Hillary and Chelsea Clinton’s Gutsy Labor Theft

Hillary and Chelsea Clinton’s new book, The Book of Gutsy Women, actually isn’t as bad as it could be — at least when it comes to the content. Unfortunately, it shamelessly appropriates other people’s research without the slightest acknowledgment.

Hillary Clinton and Chelsea Clinton discuss their new book 'The Book of Gutsy Women' at the Wilshire Ebell Theatre on November 5, 2019 in Los Angeles, California. Emma McIntyre / Getty

When not provoking Bernie Sanders’s base into donating and phone-banking for him even more — thank you, Hillary! — the former Secretary of State, with her daughter, has been pursuing a sideline common to many has-beens: writing books.

At first glance, Hillary and Chelsea Clinton’s new book, The Book of Gutsy Women: Favorite Stories of Courage and Resilience, isn’t as bad as it could be.
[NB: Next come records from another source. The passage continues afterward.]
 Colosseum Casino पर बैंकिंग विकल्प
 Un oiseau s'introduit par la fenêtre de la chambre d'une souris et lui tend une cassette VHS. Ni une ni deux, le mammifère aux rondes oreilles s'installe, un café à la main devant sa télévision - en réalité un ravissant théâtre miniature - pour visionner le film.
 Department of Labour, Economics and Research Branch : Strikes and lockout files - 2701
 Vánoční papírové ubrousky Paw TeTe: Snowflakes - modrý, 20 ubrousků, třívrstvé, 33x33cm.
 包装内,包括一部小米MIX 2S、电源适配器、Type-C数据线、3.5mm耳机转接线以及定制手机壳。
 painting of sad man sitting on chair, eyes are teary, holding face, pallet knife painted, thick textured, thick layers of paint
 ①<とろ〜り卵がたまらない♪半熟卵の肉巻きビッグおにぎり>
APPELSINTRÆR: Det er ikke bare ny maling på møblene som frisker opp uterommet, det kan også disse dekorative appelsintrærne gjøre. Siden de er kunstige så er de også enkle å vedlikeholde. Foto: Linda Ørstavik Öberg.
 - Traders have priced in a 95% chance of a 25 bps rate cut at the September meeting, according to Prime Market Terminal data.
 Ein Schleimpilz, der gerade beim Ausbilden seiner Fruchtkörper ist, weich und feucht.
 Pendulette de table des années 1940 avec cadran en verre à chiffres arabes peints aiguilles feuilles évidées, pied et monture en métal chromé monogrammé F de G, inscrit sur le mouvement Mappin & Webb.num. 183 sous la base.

The mother-and-daughter pair don’t limit themselves to respectable Western role models or those who conform to their usual centrist ideology; Rigoberta Menchú, for example, fought on the opposite side of Guatemala’s civil war against a CIA-backed right-wing government (just the kind of government Secretary of State Hillary would have loved). While the book sometimes reads like an elementary school textbook, the portraits are accurate and go beyond sanitized caricature: the Clintons’ Helen Keller is a socialist and their Harriet Tubman is armed.

Here’s the problem, though: like liberal feminism in general, the text depends on the shameless appropriation of other people’s labor — mostly that of other women.

While Gutsy Women is well-researched, almost none of the scholars upon whose work it relies get credit. The Clintons give Harriet Tubman biographer Catherine Clinton a mention, along with some of the women’s own autobiographies, but in most of the chapters, the biographers and scholars whose work has provided the material for these sketches go uncited. Substantial biographies have been written on many of these women, and though Gutsy Women’s sketches go deeper than Wikipedia, almost none of this work is mentioned. Each is packed with information that the Clintons surely didn’t know off the top of their heads — a detailed description, for example, of Frances Perkins’s experience of watching the Triangle Shirtwaist fire from the sidewalk below — and a large research team is thanked in the acknowledgements. Nonetheless, Gutsy Women has no footnotes or endnotes. There is no bibliography, no “recommended further reading.” Presumably, the Clintons concluded that sourcing was for non-gutsy wimps, those people-pleasing wallflowers who don’t want to rip off other people’s work without acknowledgement.

It nicely encapsulates what the Clintons’ brand of feminism is all about: even when they’re unearthing genuinely radical histories of struggle, they can’t help reproducing the system in which, for a couple women to succeed, a lot of other women — cleaners, secretaries, scholars, biographers — have to be exploited.

We would love to see the whole Clinton family find careers — or at least some hobbies — outside politics. But writing books may not be their best option.